Annotated Dataset and NER task with Prodigy

hi @sudarshan85!

Sorry for the delay. We're trying to close out old tickets.

By default, ner.correct does sentence segmentation (unlike ner.manual. You can turn it off by adding --unsegmented.

That's tough to confirm. Let me go through a reproducible example of what should happen.
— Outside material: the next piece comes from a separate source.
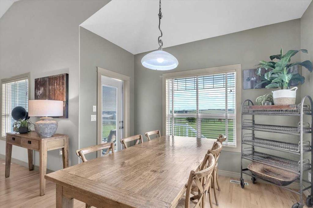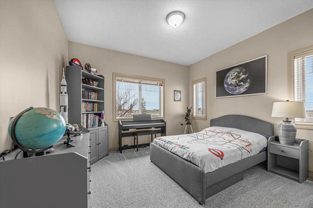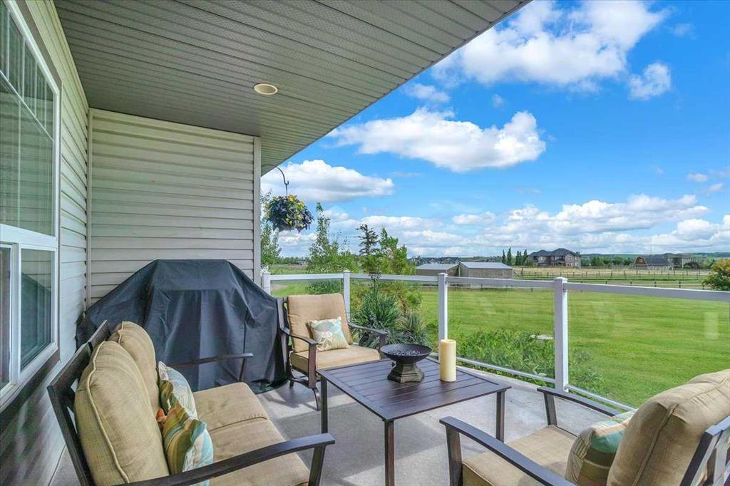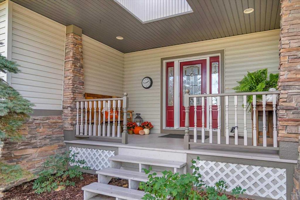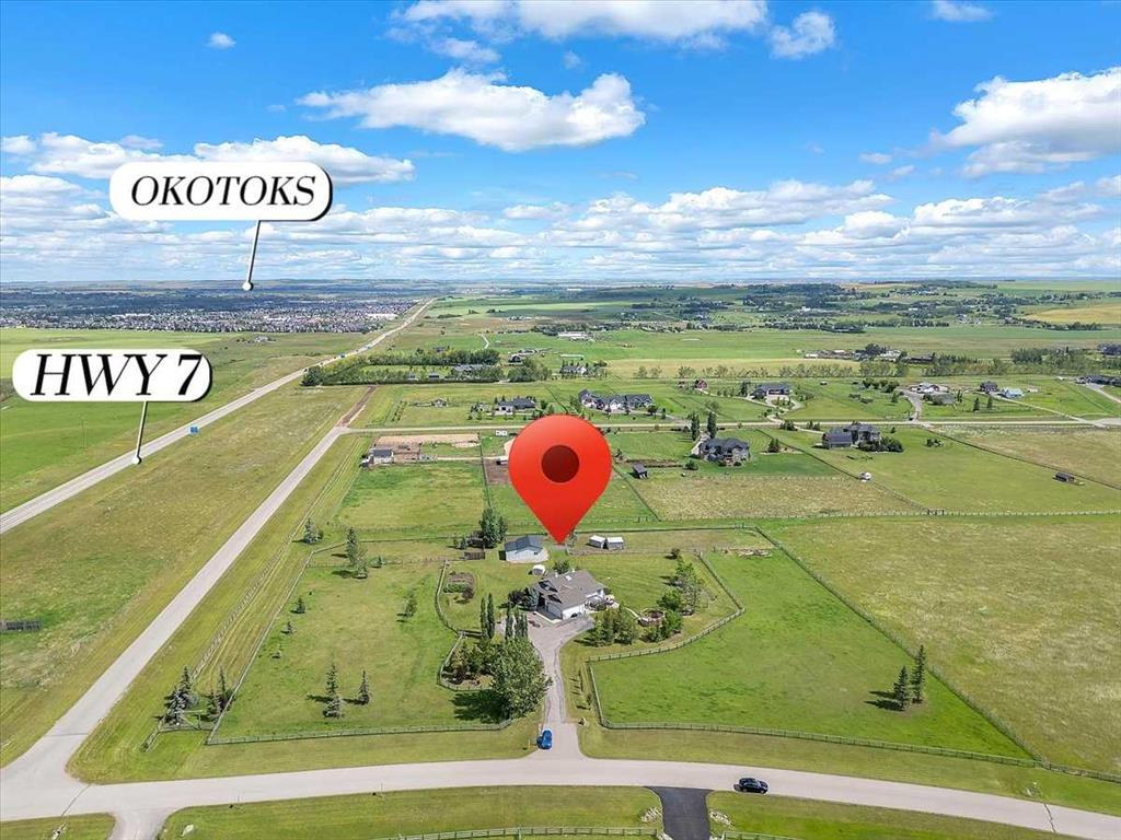 Step right into a world where rural serenity meets urban accessibility-just minutes to Okotoks! Nestled in a picturesque sub-division with southwest views including foothills and mountain views, this beautiful acreage is a haven for horse lovers and offers 4.25 acres which are fenced and cross fenced into 4 pastures-each with post and rail fencing, giving it a unique country charm. This perfect setting features a walk-out bungalow with over 2600 sqft of developed living space in an open floorplan, with vaulted ceilings, 2 beds up and 2 down, air conditioning and paved drive right to the front step. Along with a barn that comes with 2 stalls, a tack room, horse shelters and additional storage, this beautiful equestrian community is bordered to the south by 8 acres of reserve and riding trails including 10m wide riding trails throughout the subdivision making this a dream location for equestrians and those looking for additional space. Inside, this welcoming home offers an open concept layout with vaulted ceilings, a skylight that floods the home with natural light, a cozy fireplace and doors that lead out to the south facing deck from which to enjoy the breathtaking views of the valley and foothills. The open kitchen, dining and living room are great for entertaining and the master bedroom with 5 pc ensuite, another bedroom and 4 pc bath complete the main floor living space (both bedrooms have new carpet). You will appreciate the curved staircase that leads down into the bright walk out basement, featuring two bedrooms, a 4 pc bath, a cold room for your garden produce, a large family room with gas fireplace and functional wet bar which makes for another great space to entertain your family and friends. Outside, a private patio off the walkout basement provides a serene retreat, while on the west side you will find another extra patio area where you can soak in the sun and enjoy the mountains. The charming firepit area adds warmth and character to the outside space and you will appreciate the garden space. The well is a great producer at 6 g/m. You will find the perfect blend of outdoor living while close to Okotoks in this unique and beautiful space! (Private and public school buses come to the door)

Start with this source file:
nyt_text_dedup.jsonl (18.5 KB)

Step 1: Label 10 records into dataset ner_correct1

python -m prodigy ner.correct ner_correct1 en_core_web_sm nyt_text_dedup.jsonl --label LOC

I then labeled the first 10 records. You can see them by running:

$ python -m prodigy print-dataset ner_correct1

Step 2: Rerun but use --exclude to exclude records in ner_correct1

python3 -m prodigy ner.correct ner_correct2 en_core_web_sm data/nyt_text_dedup.jsonl --exclude ner_correct1 --label LOC

Notice it starts on record 10 (see metadata in bottom right). Therefore, it skipped the first 10 records.

Yes. ner.manual and ner.correct will use based on order of documents. This is different than ner.teach, which uses active learning and will alter the order of the documents based on uncertainty scoring.

Let us know if you have any other questions!